De Franse band Abacab mag dan wel met de ep “Les 3 Couleurs” debuteren, onervaren zijn de muzikanten allerminst. Abacab is namelijk een voortzetting van het begin jaren ’90 opgerichte theater-/rockgezelschap Contresens, dat met hun door Genesis en Pink Floyd beïnvloede muziek al vijf cd’s maakte en ongeveer 200 keer in eigen land optrad. Met dit nieuwe project gaat het zestal op zoek naar een avontuurlijk neo-proggeluid.

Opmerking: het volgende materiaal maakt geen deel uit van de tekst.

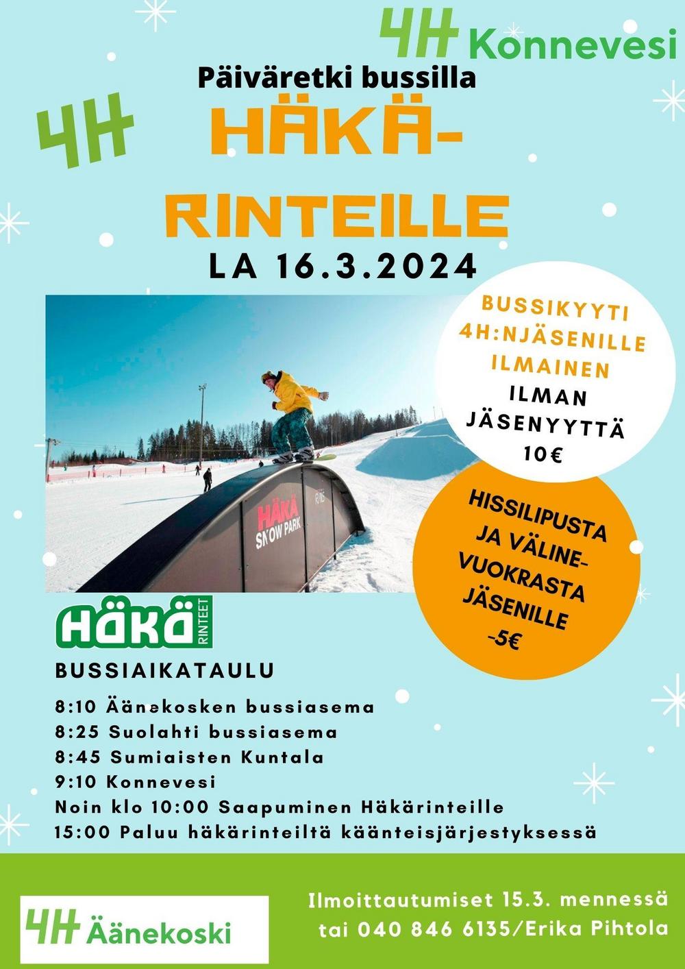 Konneveden 4H yhteistyössä Äänekosken 4H:n kanssa järjestää yhteiskyydin Häkälle 16.3. Kyyti on jäsenillemme ilmainen, muille 10€.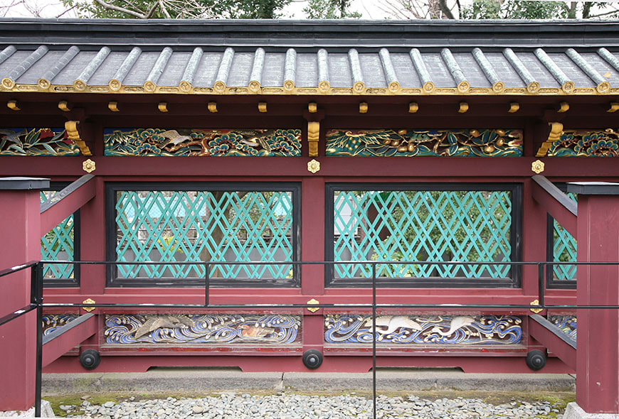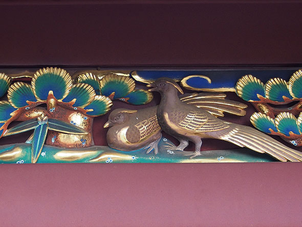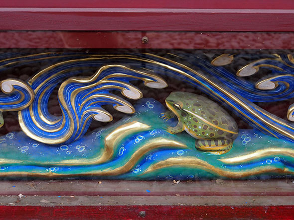 건너편이 비쳐 보이는 스키베이(투병)의 상부에는 야산의 짐승과 식물, 하단에는 바다 강의 생물 이백여 개가 조각되어 있습니다. 제작 당시에는 극채색이었다고 여겨지지만, 이후 보수 때 모두 옻으로 덧칠해졌습니다. 헤세이 21년(2009)부터 25년(2013)의 보존 수리 공사에서는 제작 당시의 조각이나 그림을 참고로 처음과 같이 석채로 이케사이시키(생채색)가 이루어졌습니다. 이케사이시키는 금박으로 덮은 후에 물감으로 채색을 하는 호화로운 채색 방법입니다.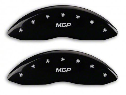 Bold Sinister Brake Appearance. These MGP Black Caliper Covers with MGP Logo were designed for the Silverado owner with a bold persona. Featuring a bold black powder coat finish, each cover disc is engraved with a MGP silver logo and embossed with chrome bolts to prevent rust and abrasion. Their oversized, custom design leaves an impress of big-brakes, intimidating any competitions on the adjacent lane.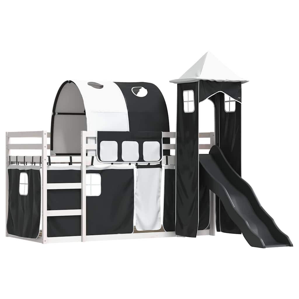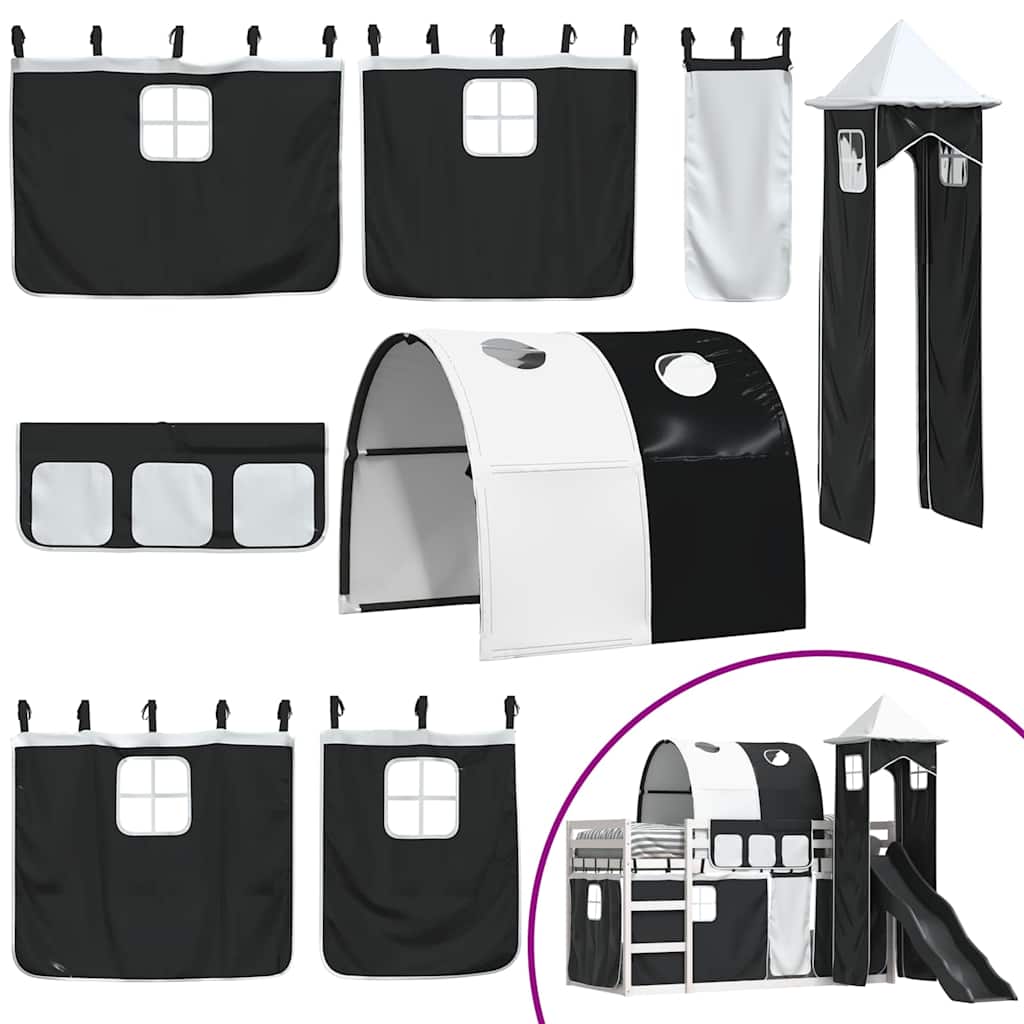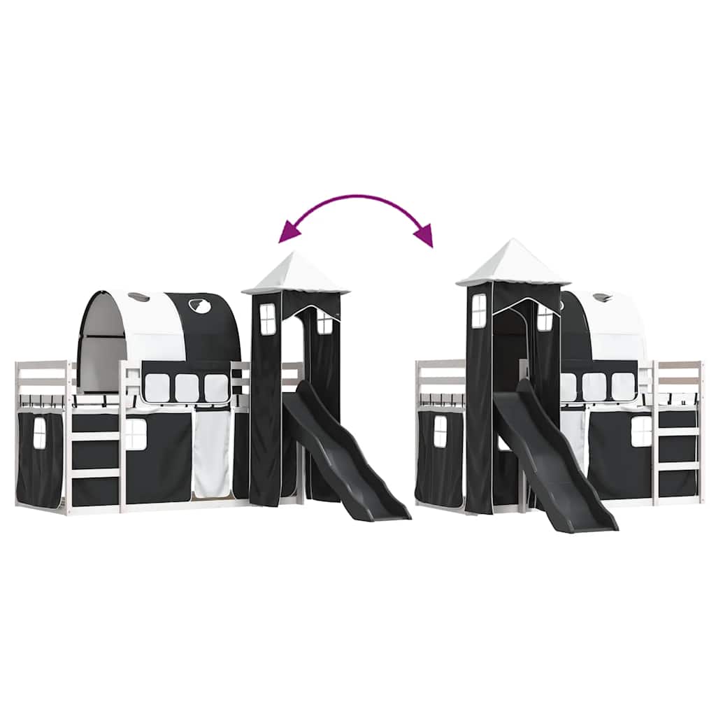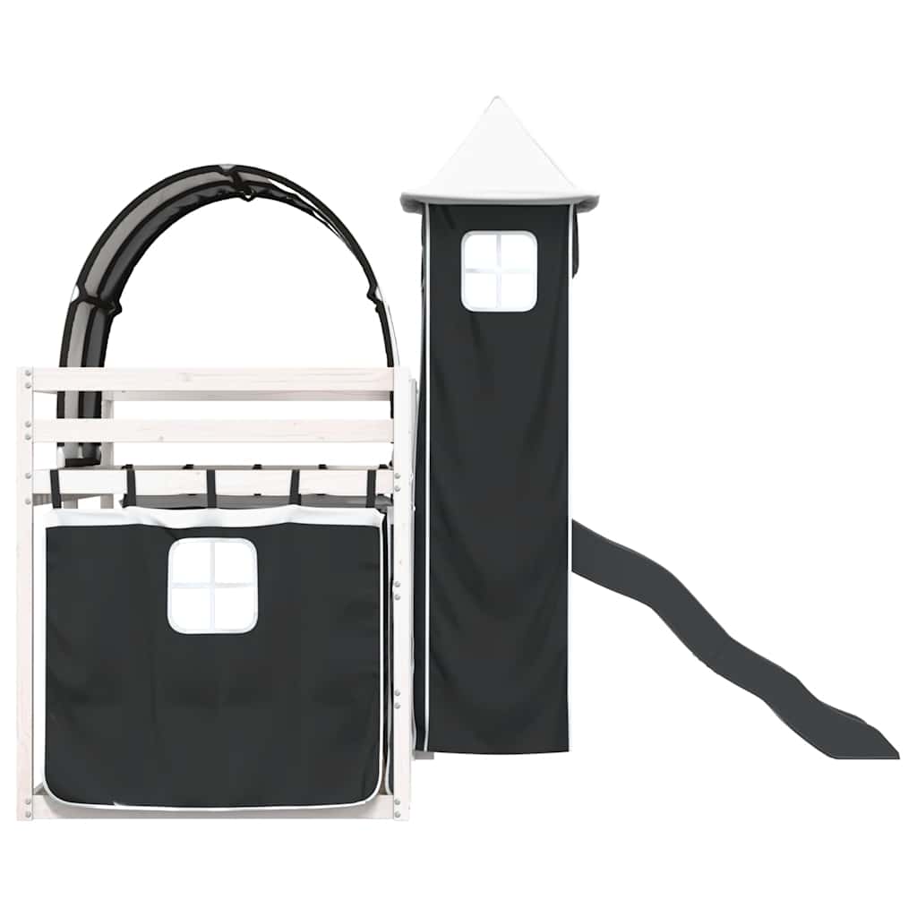 Letto a Castello con Scivolo e Tende Bianco e Nero 90x200 cm 3284164

Deze zoektocht heeft dit 23 minuten durende concept opgeleverd dat naast drie volledige nummers ook twee zogeheten ’transition titles’ (overgangsnummers) bevat. Dit zijn in feite niet meer dan wat geluidseffecten die als intro dienst doen voor de ‘echte’ nummers. Waar het allemaal om gaat zijn drie stukken Ne Me Dérangez Pas!, het titelnummer Les 3 Couleurs en La Source. Hierin combineert de band prog, metal, pop en experimentele muziek. Ze doen dit met behoorlijk veel virtuoos spel en omdat de heren kunnen bogen op een jarenlange ervaring klinkt alles vrij gedisciplineerd. Het geheel klinkt strak en afgemeten, maar denk niet dat Abacab een steriele, zielloze band is.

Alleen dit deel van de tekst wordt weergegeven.